YOUR OBJECTIVE
Please transcribe exactly the lines from the line holding "Mỗi khi cụ Điểu" through the end of the data below, and skip any pictures.

SOURCE RECORDS
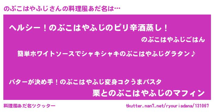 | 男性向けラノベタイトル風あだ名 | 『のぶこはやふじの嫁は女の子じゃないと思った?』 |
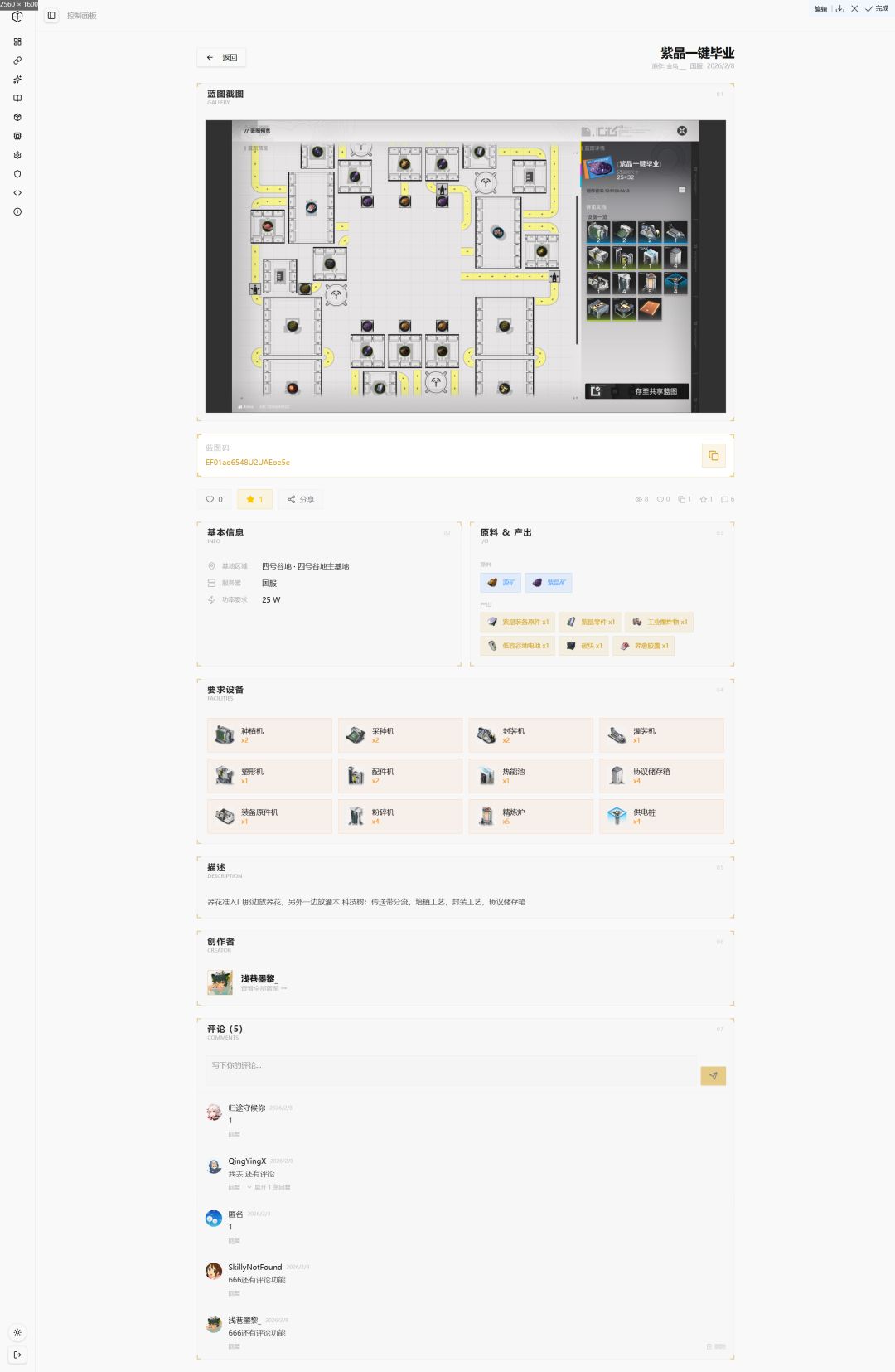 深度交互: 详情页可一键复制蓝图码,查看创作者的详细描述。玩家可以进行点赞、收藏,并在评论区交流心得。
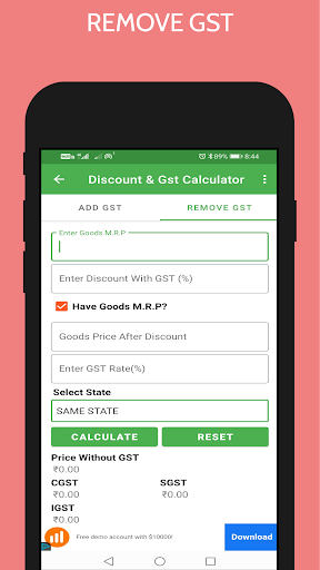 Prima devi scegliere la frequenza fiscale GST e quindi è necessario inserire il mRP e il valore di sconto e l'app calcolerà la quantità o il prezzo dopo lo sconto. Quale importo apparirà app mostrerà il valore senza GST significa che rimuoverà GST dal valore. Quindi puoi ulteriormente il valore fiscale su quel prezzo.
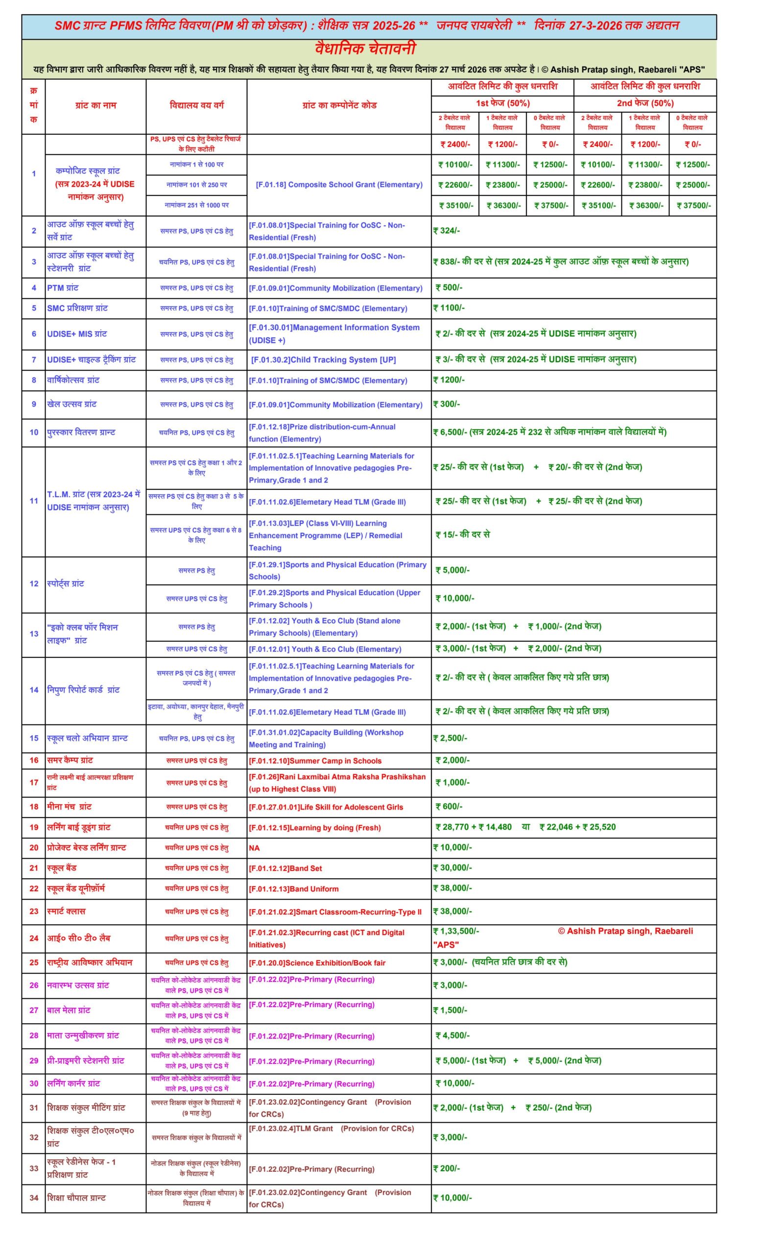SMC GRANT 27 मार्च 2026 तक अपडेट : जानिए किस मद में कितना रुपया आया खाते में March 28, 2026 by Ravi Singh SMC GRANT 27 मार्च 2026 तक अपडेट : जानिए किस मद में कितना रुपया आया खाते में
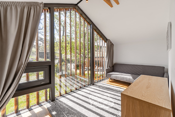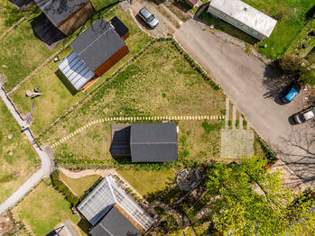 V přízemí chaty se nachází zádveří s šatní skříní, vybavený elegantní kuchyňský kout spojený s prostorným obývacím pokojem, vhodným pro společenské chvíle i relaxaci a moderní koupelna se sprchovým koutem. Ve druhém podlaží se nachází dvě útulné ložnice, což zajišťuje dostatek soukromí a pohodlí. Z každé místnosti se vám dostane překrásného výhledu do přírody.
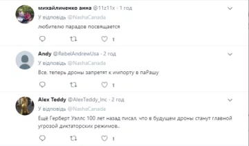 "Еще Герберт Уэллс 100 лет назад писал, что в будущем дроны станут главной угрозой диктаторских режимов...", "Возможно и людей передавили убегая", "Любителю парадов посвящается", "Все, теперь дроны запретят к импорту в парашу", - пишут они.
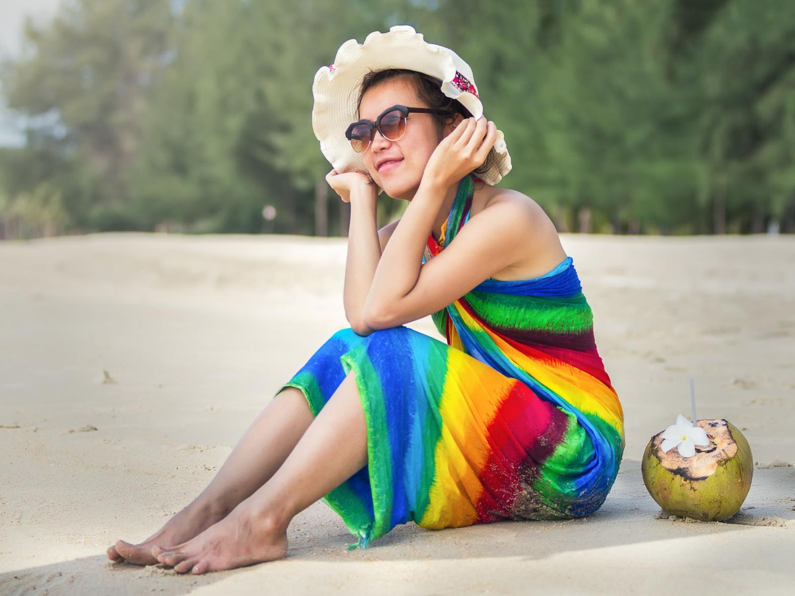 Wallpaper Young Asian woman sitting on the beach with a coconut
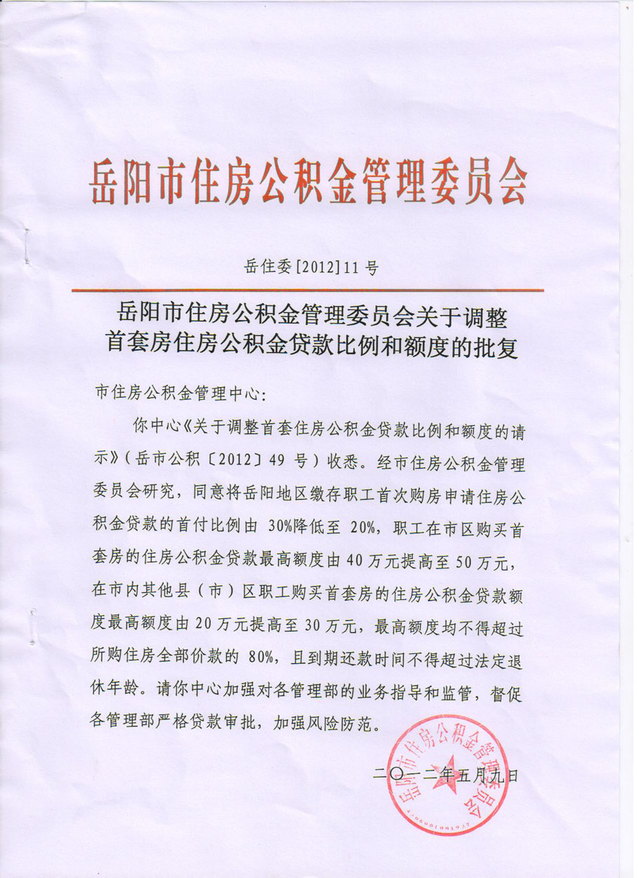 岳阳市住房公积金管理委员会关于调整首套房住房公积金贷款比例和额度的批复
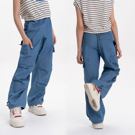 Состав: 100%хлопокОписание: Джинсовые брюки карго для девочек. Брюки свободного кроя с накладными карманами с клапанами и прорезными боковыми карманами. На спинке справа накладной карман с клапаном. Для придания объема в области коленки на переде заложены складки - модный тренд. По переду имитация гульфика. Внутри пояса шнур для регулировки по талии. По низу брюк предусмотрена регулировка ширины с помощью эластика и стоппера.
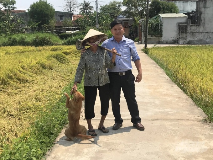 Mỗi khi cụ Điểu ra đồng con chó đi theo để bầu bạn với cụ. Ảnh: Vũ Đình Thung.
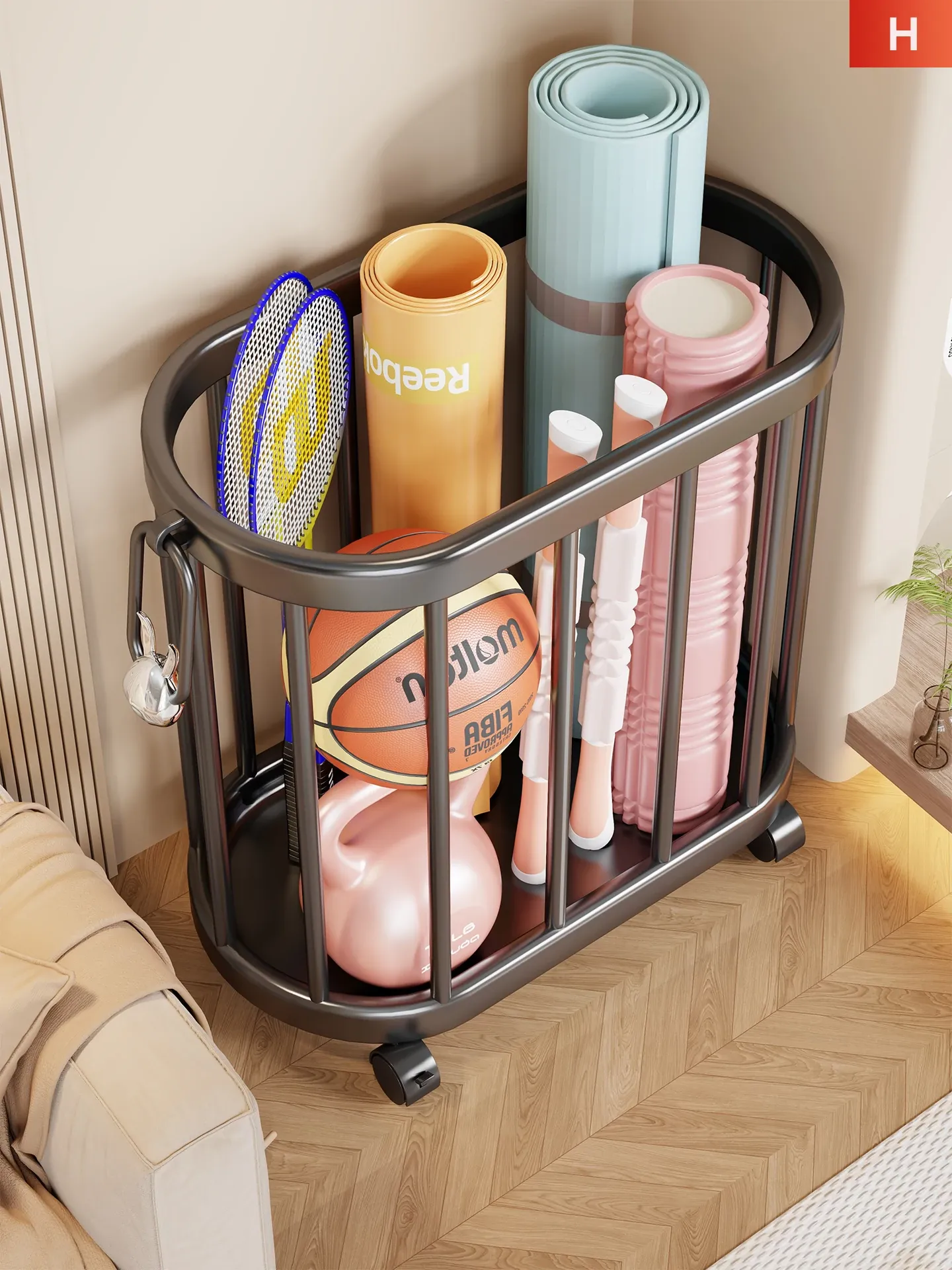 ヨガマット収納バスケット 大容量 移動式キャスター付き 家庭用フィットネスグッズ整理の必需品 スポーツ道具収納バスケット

EXERCISE OUTPUT
 Mỗi khi cụ Điểu ra đồng con chó đi theo để bầu bạn với cụ. Ảnh: Vũ Đình Thung.
 ヨガマット収納バスケット 大容量 移動式キャスター付き 家庭用フィットネスグッズ整理の必需品 スポーツ道具収納バスケット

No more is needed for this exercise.